# Dataset section
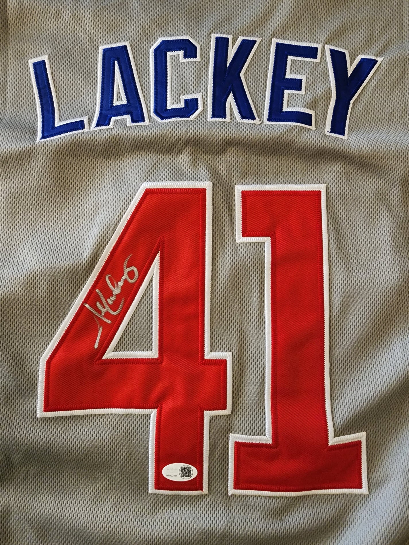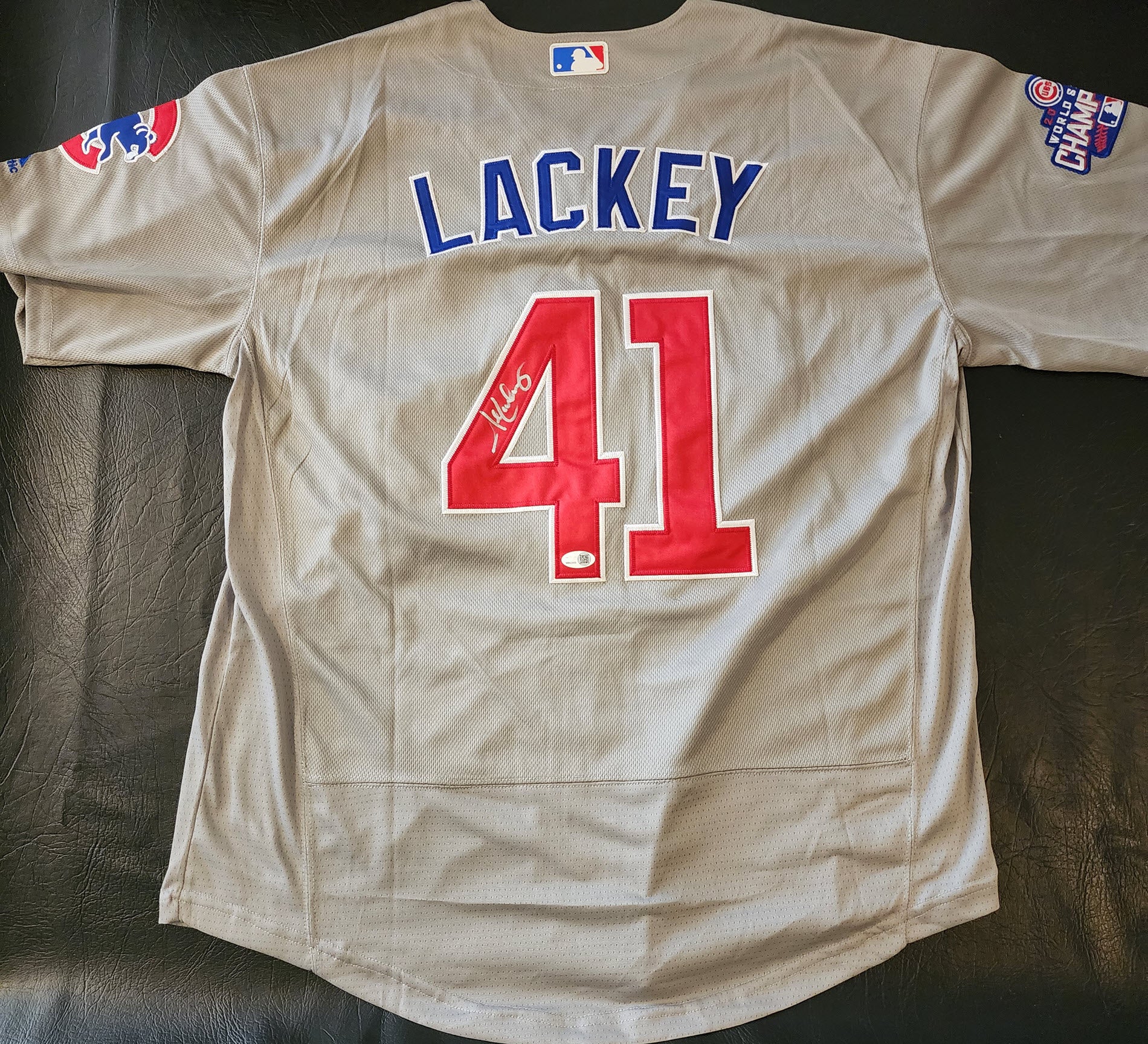 John Lackey Autographed 2016 World Series Chicago Cubs Road Jersey with JSA Witnessed Certificate Of Authenticity
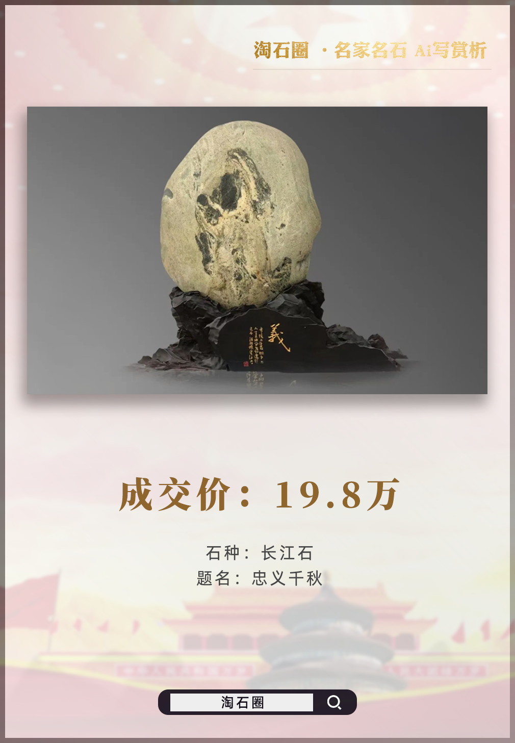 总而言之,这块“忠义千秋”的长江石,不仅具有很高的观赏和收藏价值,更蕴含着丰富的文化内涵。它的高价成交,也反映了人们对传统文化和精神的追求。
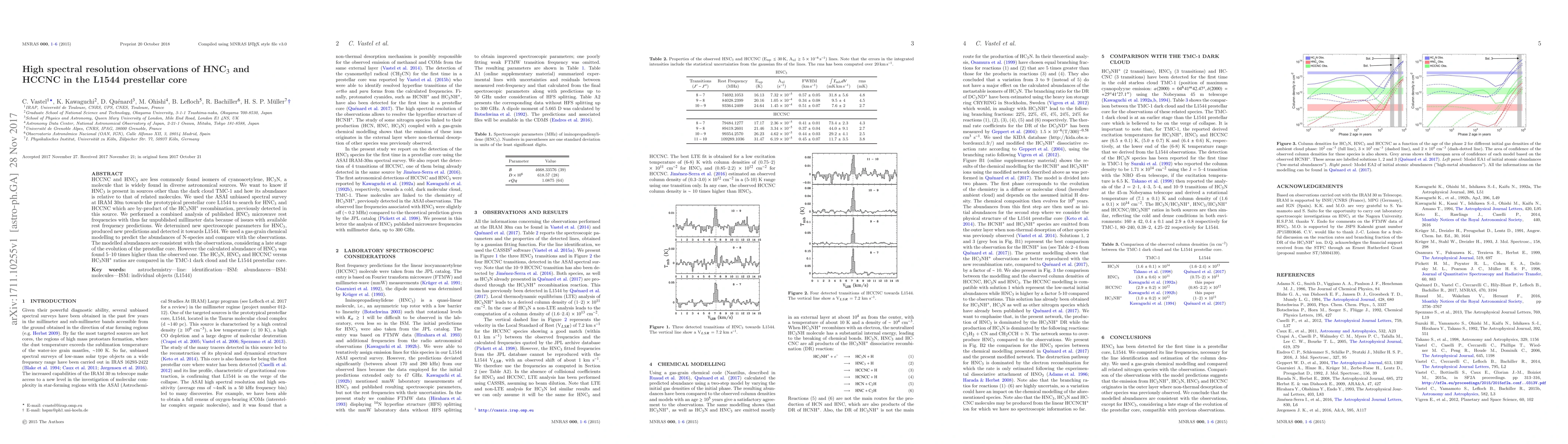 This study investigates the presence and abundance of HNC3 and HCCNC in the L1544 prestellar core using high spectral resolution observations. The findings suggest HNC3 is present in L1544, but its modeled abundance is 5-10 times higher than observed, indicating discrepancies in chemical evolution models.
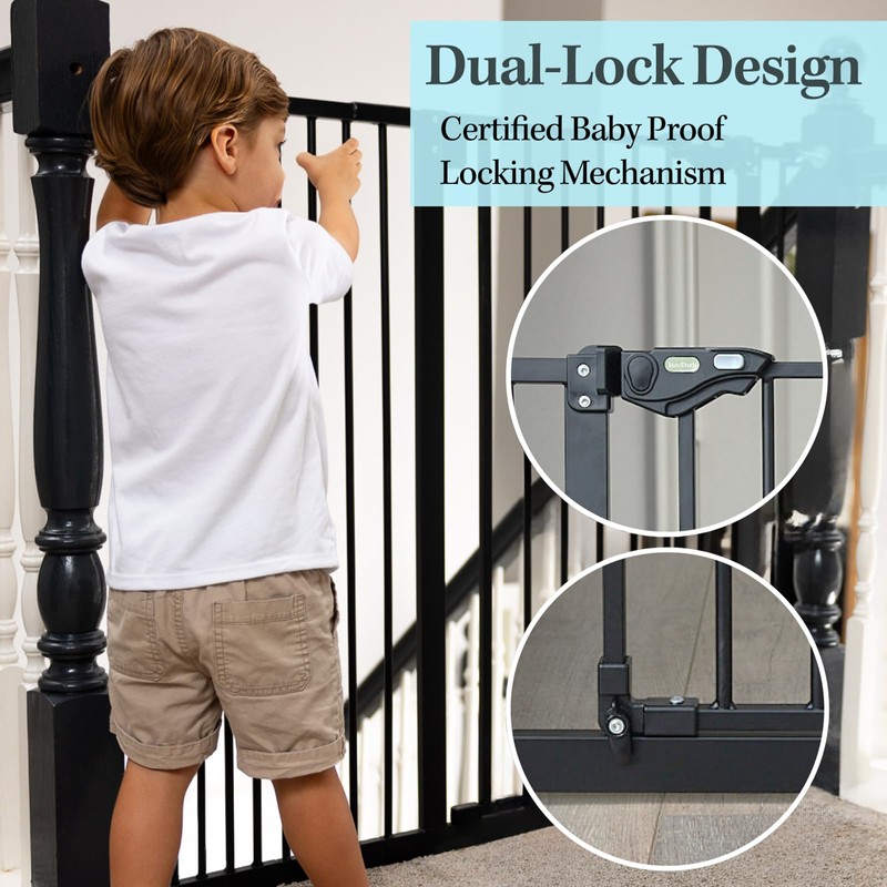 - Smart Dual Lock System – An Innovative Design That's Better For Kids And Parents Our Baby Gate For Stairs Features Two Locking Features Including A Pull And Lift System As Well As A Bottom Locking Design That Always Keeps It Locked Down Tight.

# Work required
Write out the material above exactly, and omit the pictures it holds.

# Answer area
 John Lackey Autographed 2016 World Series Chicago Cubs Road Jersey with JSA Witnessed Certificate Of Authenticity
 总而言之,这块“忠义千秋”的长江石,不仅具有很高的观赏和收藏价值,更蕴含着丰富的文化内涵。它的高价成交,也反映了人们对传统文化和精神的追求。
 This study investigates the presence and abundance of HNC3 and HCCNC in the L1544 prestellar core using high spectral resolution observations. The findings suggest HNC3 is present in L1544, but its modeled abundance is 5-10 times higher than observed, indicating discrepancies in chemical evolution models.
 - Smart Dual Lock System – An Innovative Design That's Better For Kids And Parents Our Baby Gate For Stairs Features Two Locking Features Including A Pull And Lift System As Well As A Bottom Locking Design That Always Keeps It Locked Down Tight.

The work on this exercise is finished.